Le Moniteur, « Remise en cause des marchés de travaux : quels recours et quels délais ? », 11 février 2026

JURISPRUDENCE

INTÉRÊT À AGIR

Contentieux : intérêt à agir des associations environnementales contre les contrats. Dans un récent arrêt, la Cour administrative d’appel (CAA) de Lyon précise les conditions dans lesquelles une association environnementale agréée peut contester un contrat administratif (en l’espèce, un bail emphytéotique administratif et une concession domaniale portant sur la réhabilitation d’un ensemble immobilier en bord de lac).
NewsJuridique - Pictogramme Justice (2)
Ainsi, la Cour rappelle qu’une association agréée dispose d’un intérêt à agir contre toute décision administrative, y compris contractuelle, dès lors que celle-ci présente un lien direct avec son objet statutaire et est susceptible de produire des effets dommageables pour l’environnement sur le territoire couvert par son agrément. Encore faut-il que l’association démontre concrètement que les intérêts qu’elle défend sont susceptibles d’être lésés par l’exécution du contrat.

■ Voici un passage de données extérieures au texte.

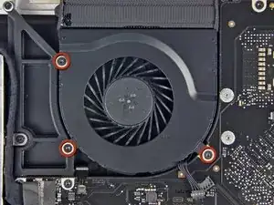 Удалите три одинаковых винта Torx T6, фиксирующих вентилятор в верхней части корпуса.

En l’espèce, faute d’avoir établi la réalité des effets négatifs allégués sur l’environnement, la nature ou le patrimoine bâti, l’association n’a pas été reconnue recevable. Cette décision confirme et garantit l’ouverture du prétoire aux associations agréées en matière contractuelle, tout en maintenant une exigence probatoire rigoureuse.
CAA de Lyon, 4ème chambre, 6 novembre 2025, n° 24LY00656

JURISPRUDENCE

APPELS À PROJETS

Appel à projets : pas de droit à indemnisation en cas d’abandon du projet. Dans un récent arrêt, la Cour administrative d’appel (CAA) de Nantes juge que la sélection d’un candidat à l’issue d’un appel à projets ne crée aucun droit à la signature d’un contrat ni à indemnisation en cas d’abandon ultérieur de l’opération.
NewsJuridique - PictogrammeR justice
En l’espèce, une société, retenue pour un projet hôtelier sur le domaine privé d’une commune, réclamait près d’1 million d'euros au titre des frais engagés et d’un manque à gagner après l’abandon du projet.

La Cour rappelle que l’appel à projets constitue une simple modalité de sélection préalable, distincte d’une procédure de passation d’un contrat de la commande publique. En l’absence d’engagement contractuel ferme et au regard des clauses du cahier des charges réservant à la commune la faculté d’interrompre la procédure sans indemnisation, aucune faute ne peut être retenue.

L’abandon du projet, fondé sur un motif d’intérêt général (complexité juridique, risques contentieux, choix de renaturation du site), ne saurait donc engager la responsabilité de la collectivité locale.